ACTION ITEM>
The copy you give must match the records exactly, except that it holds no images.
═══ EXTRACTED DATA
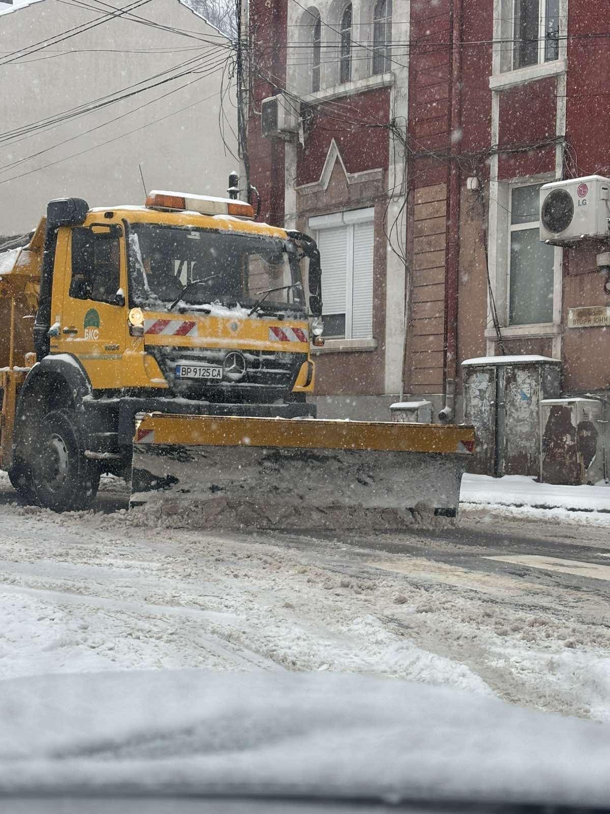Екипите на БКС са на терен още от 05:00 часа тази сутрин, като 5 снегорина извършват обработка на пътната мрежа в града против заледяване, както и почистване на снега.
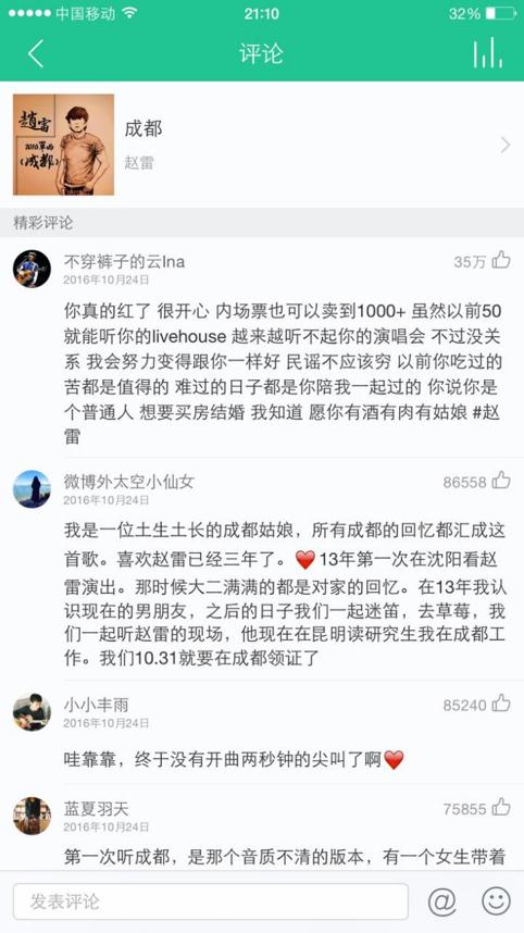目前,网易云音乐用户累计产生4亿条乐评,用户日均产生乐评数150万条。赵雷在《歌手》上火了之后,其单曲《成都》的评论数超过24万。而周杰伦《晴天》的评论数更是超过了134万条。
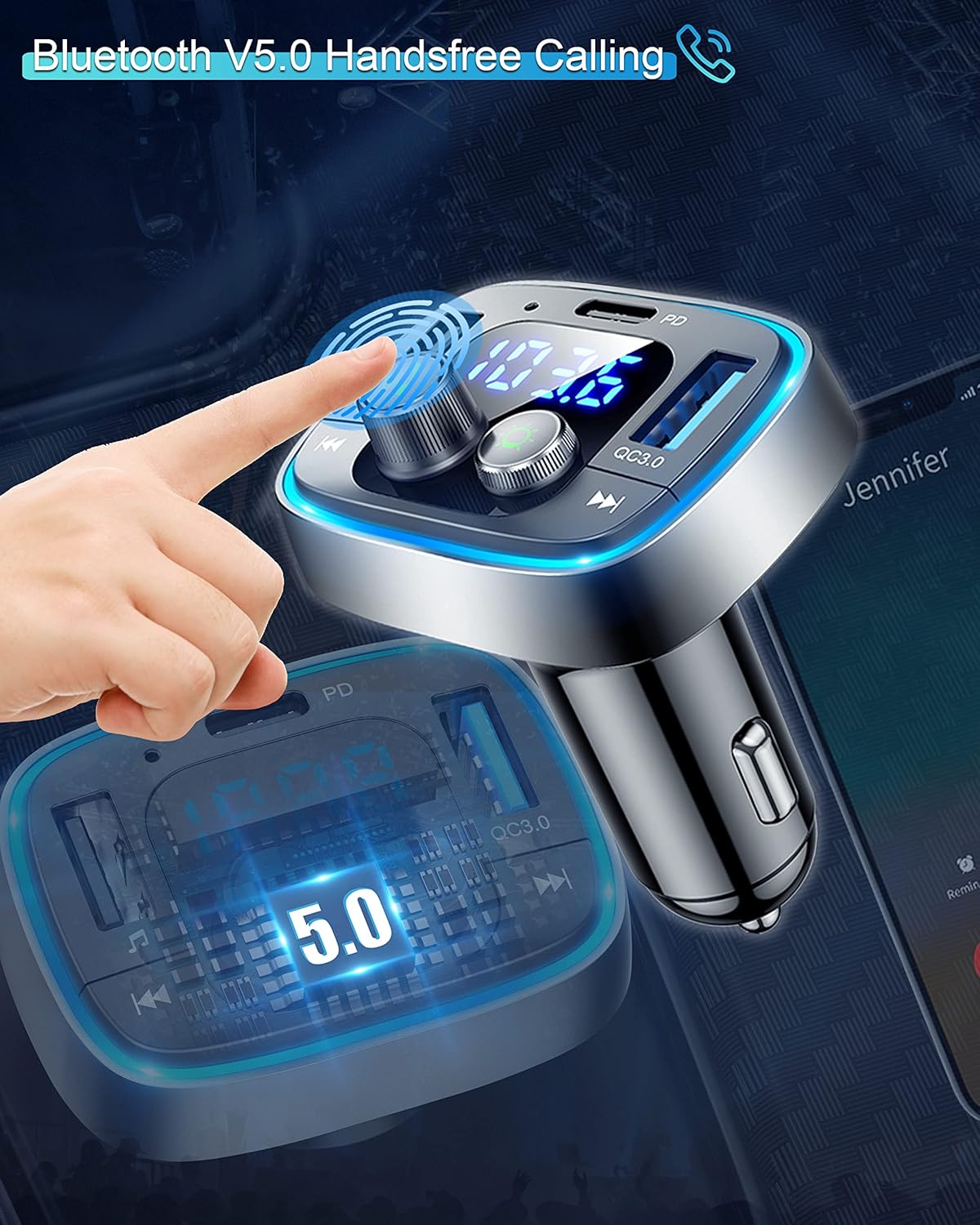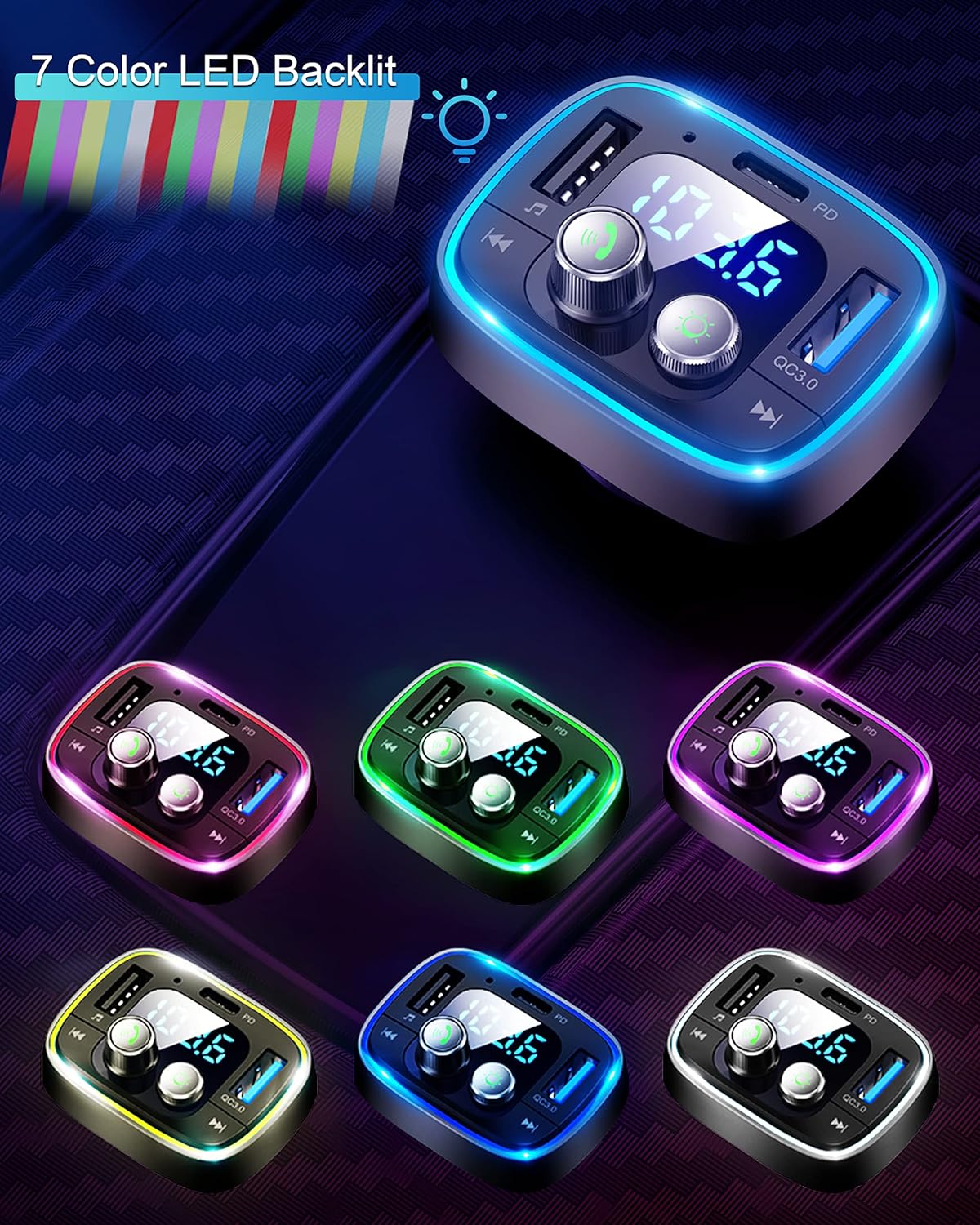 - Special Feature : Bluetooth Car Adapter, FM Transmitter, Hands-Free Calls, Music Adapter & Player, PD+QC Fast Charging & 7-LED Breathing Backlit Bluetooth Car Adapter, FM Transmitter, Hands-Free Calls, Music Adapter & Player, PD+QC Fast Charging & 7-LED Breathing Backlit
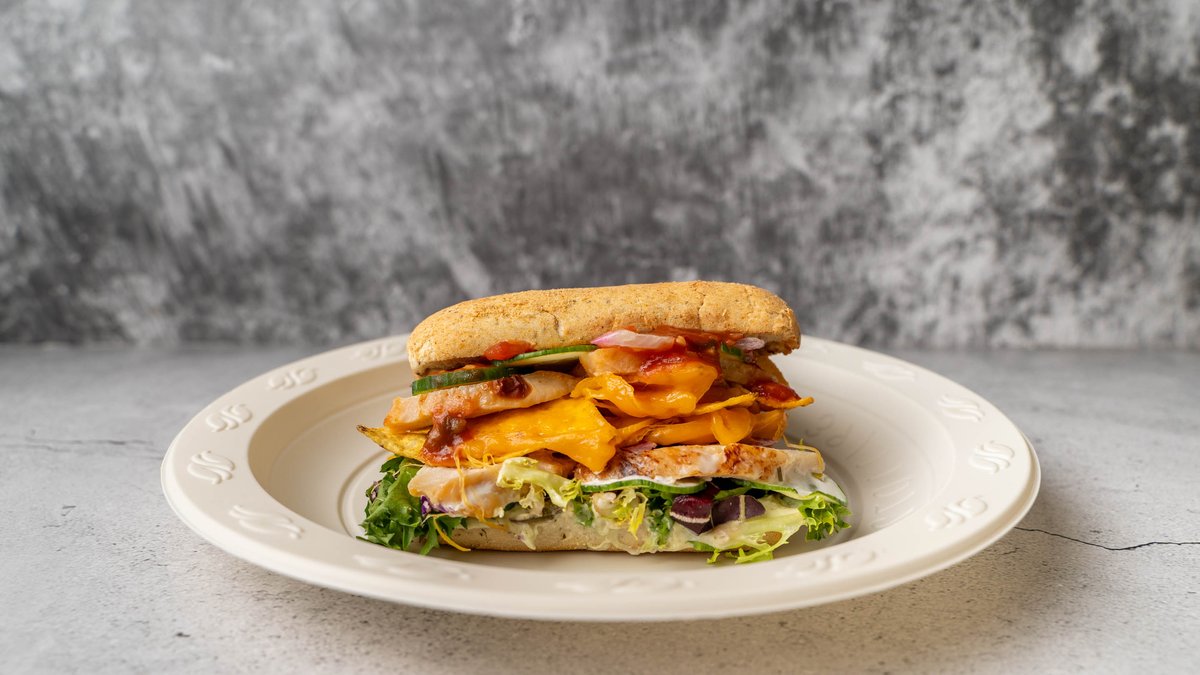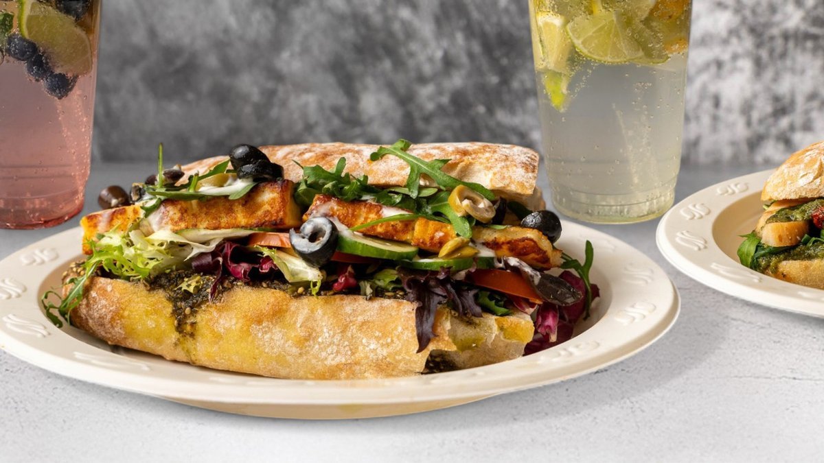 Valgfrit brød med fyld af kyllingestrimler, pesto, rucola, mozzarella, soltørrede tomater, mynteblade og balsamico.
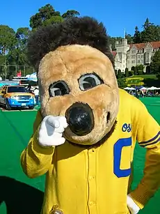 Oski the Bear (Oski) is the official mascot of the University of California, Berkeley ("Cal"), representing the California Golden Bears. Named after the Oski Yell,[1] he made his debut at a freshman rally in the Greek Theatre on September 25, 1941.[2][3] Prior to his debut, live bears were used as Cal mascots.[4]
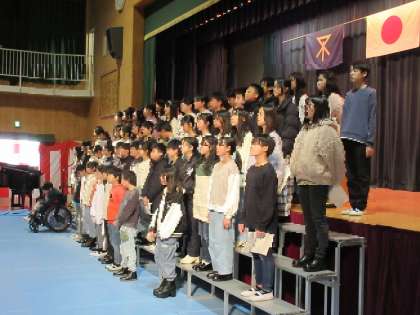卒業式を10日後にひかえて、今日は初めて卒業生(6年生)と5年生が合同で卒業式の練習をしました。
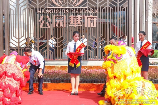 致辭結(jié)束后,天水潤(rùn)天泉湖置業(yè)有限公司總經(jīng)理李海龍及副總王繼福為醒獅點(diǎn)睛,寓意萬(wàn)事如意、再創(chuàng)輝煌,也預(yù)示著潤(rùn)天泉湖·公園華府更加美好的明天。
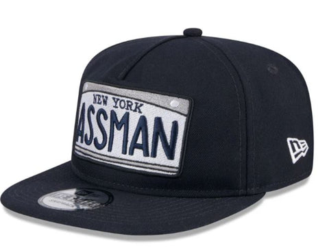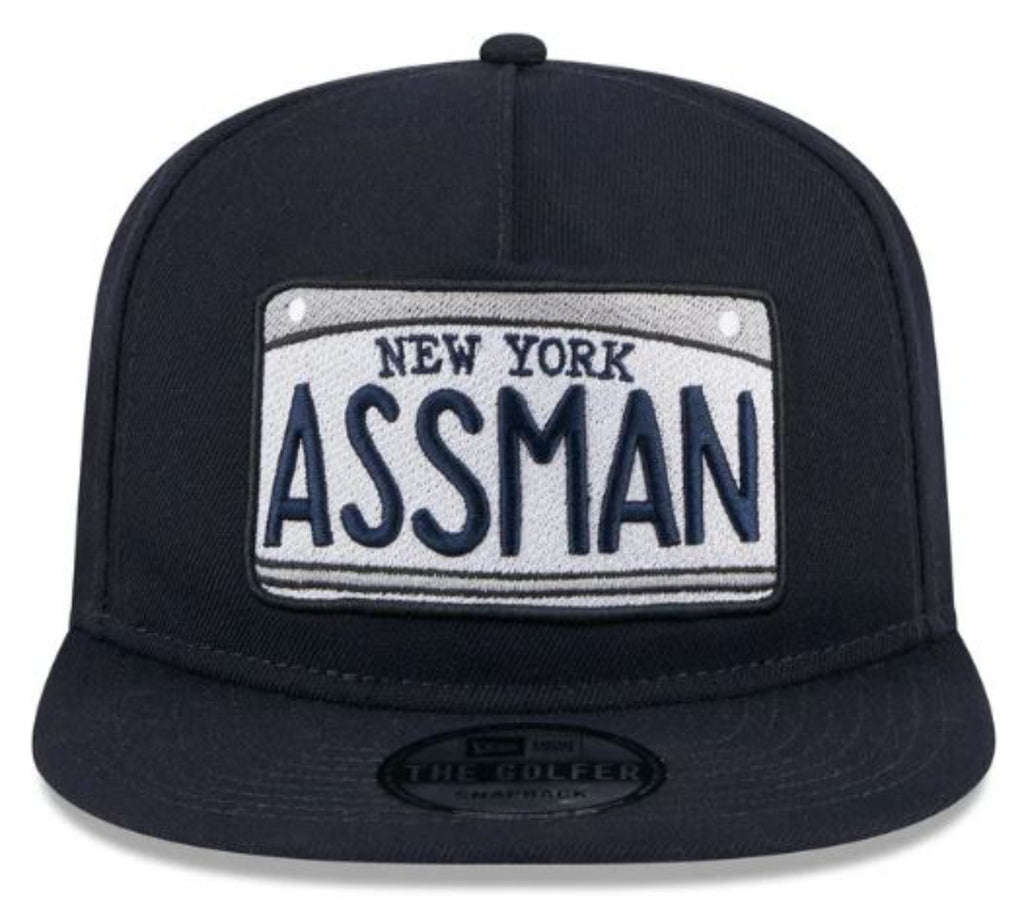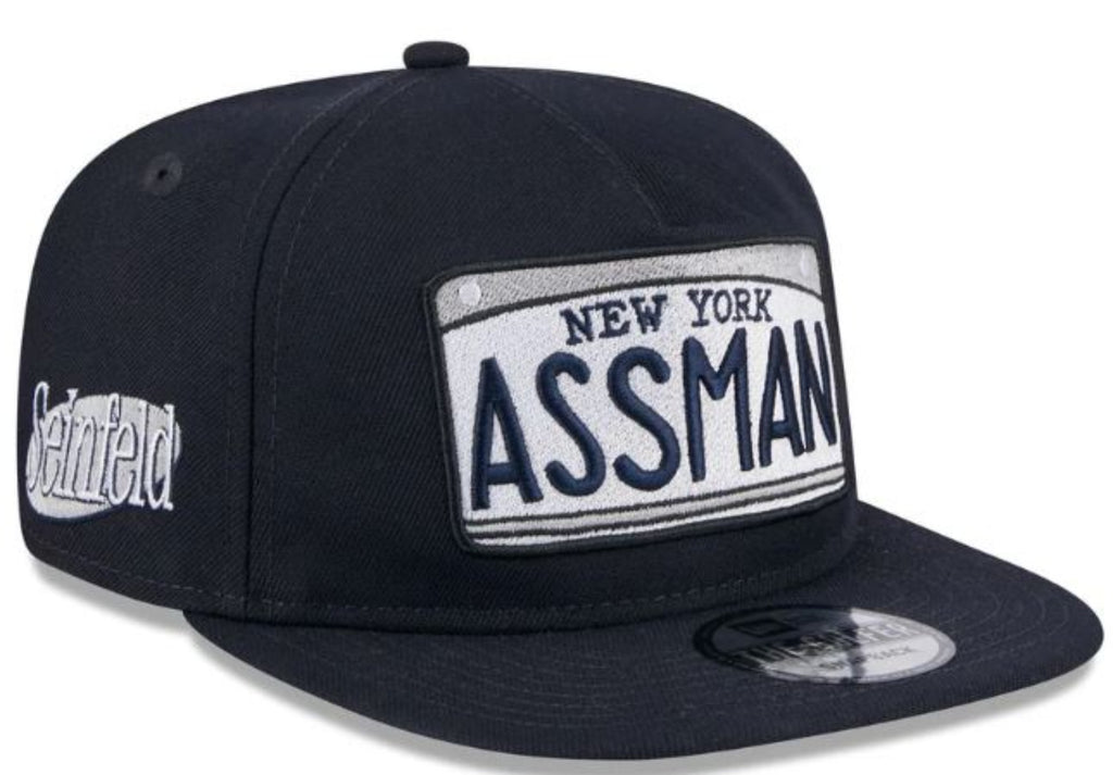 The Seinfeld Golfer Snapback features an embroidered Assman license plate at the front panels with a matching show logo at the right-wear side, a gray undervisor, and a snapback closure at the rear.
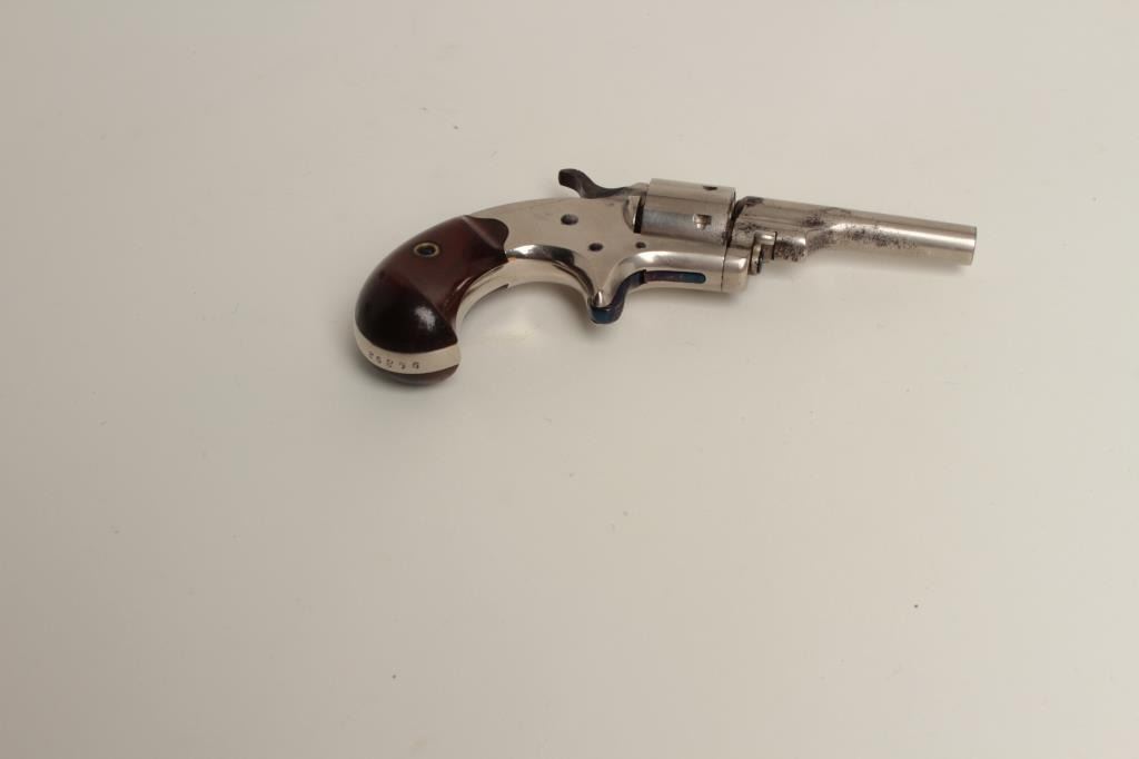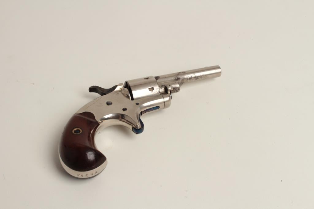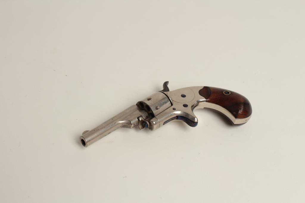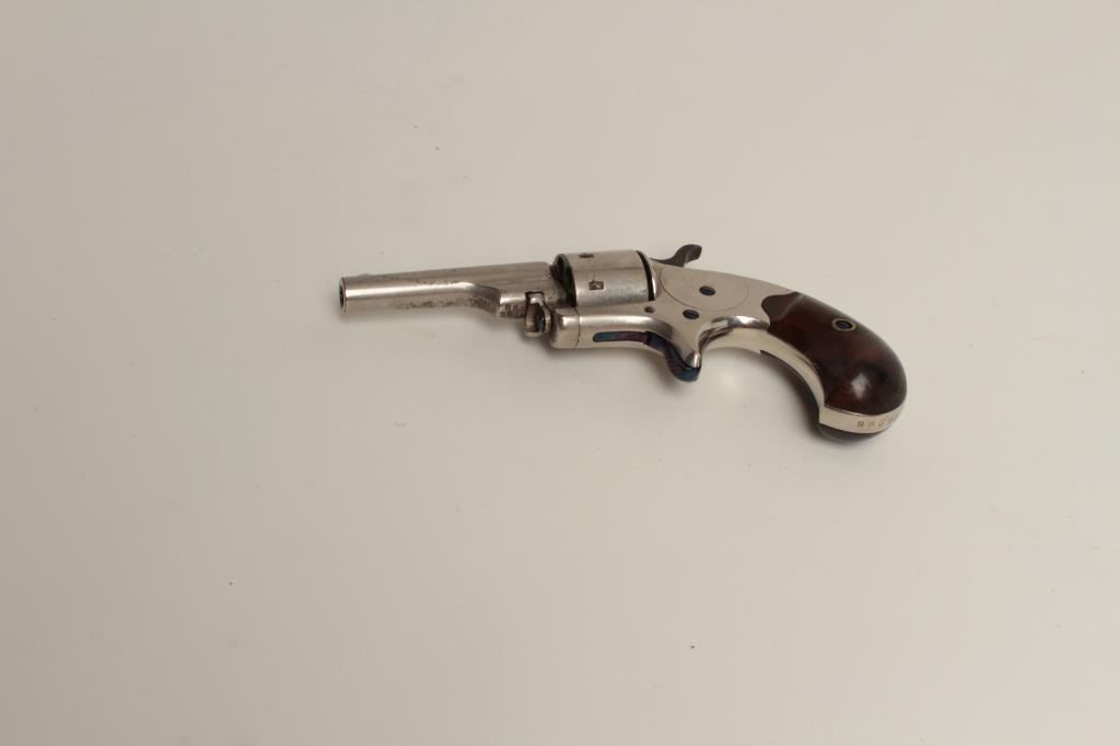 revolver in .22 caliber, S/N 96392. 85%-95% original nickel with brilliant fire blue screws. Some erosion beginning at the muzzle with near fine grips. A strong 8 on a 1-10 scale. (Antique) Est.: $250-$500
══════
YOUR SOLUTION>
Екипите на БКС са на терен още от 05:00 часа тази сутрин, като 5 снегорина извършват обработка на пътната мрежа в града против заледяване, както и почистване на снега.
目前,网易云音乐用户累计产生4亿条乐评,用户日均产生乐评数150万条。赵雷在《歌手》上火了之后,其单曲《成都》的评论数超过24万。而周杰伦《晴天》的评论数更是超过了134万条。
 - Special Feature : Bluetooth Car Adapter, FM Transmitter, Hands-Free Calls, Music Adapter & Player, PD+QC Fast Charging & 7-LED Breathing Backlit Bluetooth Car Adapter, FM Transmitter, Hands-Free Calls, Music Adapter & Player, PD+QC Fast Charging & 7-LED Breathing Backlit
 Valgfrit brød med fyld af kyllingestrimler, pesto, rucola, mozzarella, soltørrede tomater, mynteblade og balsamico.
 Oski the Bear (Oski) is the official mascot of the University of California, Berkeley ("Cal"), representing the California Golden Bears. Named after the Oski Yell,[1] he made his debut at a freshman rally in the Greek Theatre on September 25, 1941.[2][3] Prior to his debut, live bears were used as Cal mascots.[4]
卒業式を10日後にひかえて、今日は初めて卒業生(6年生)と5年生が合同で卒業式の練習をしました。
 致辭結(jié)束后,天水潤(rùn)天泉湖置業(yè)有限公司總經(jīng)理李海龍及副總王繼福為醒獅點(diǎn)睛,寓意萬(wàn)事如意、再創(chuàng)輝煌,也預(yù)示著潤(rùn)天泉湖·公園華府更加美好的明天。
 The Seinfeld Golfer Snapback features an embroidered Assman license plate at the front panels with a matching show logo at the right-wear side, a gray undervisor, and a snapback closure at the rear.
 revolver in .22 caliber, S/N 96392. 85%-95% original nickel with brilliant fire blue screws. Some erosion beginning at the muzzle with near fine grips. A strong 8 on a 1-10 scale. (Antique) Est.: $250-$500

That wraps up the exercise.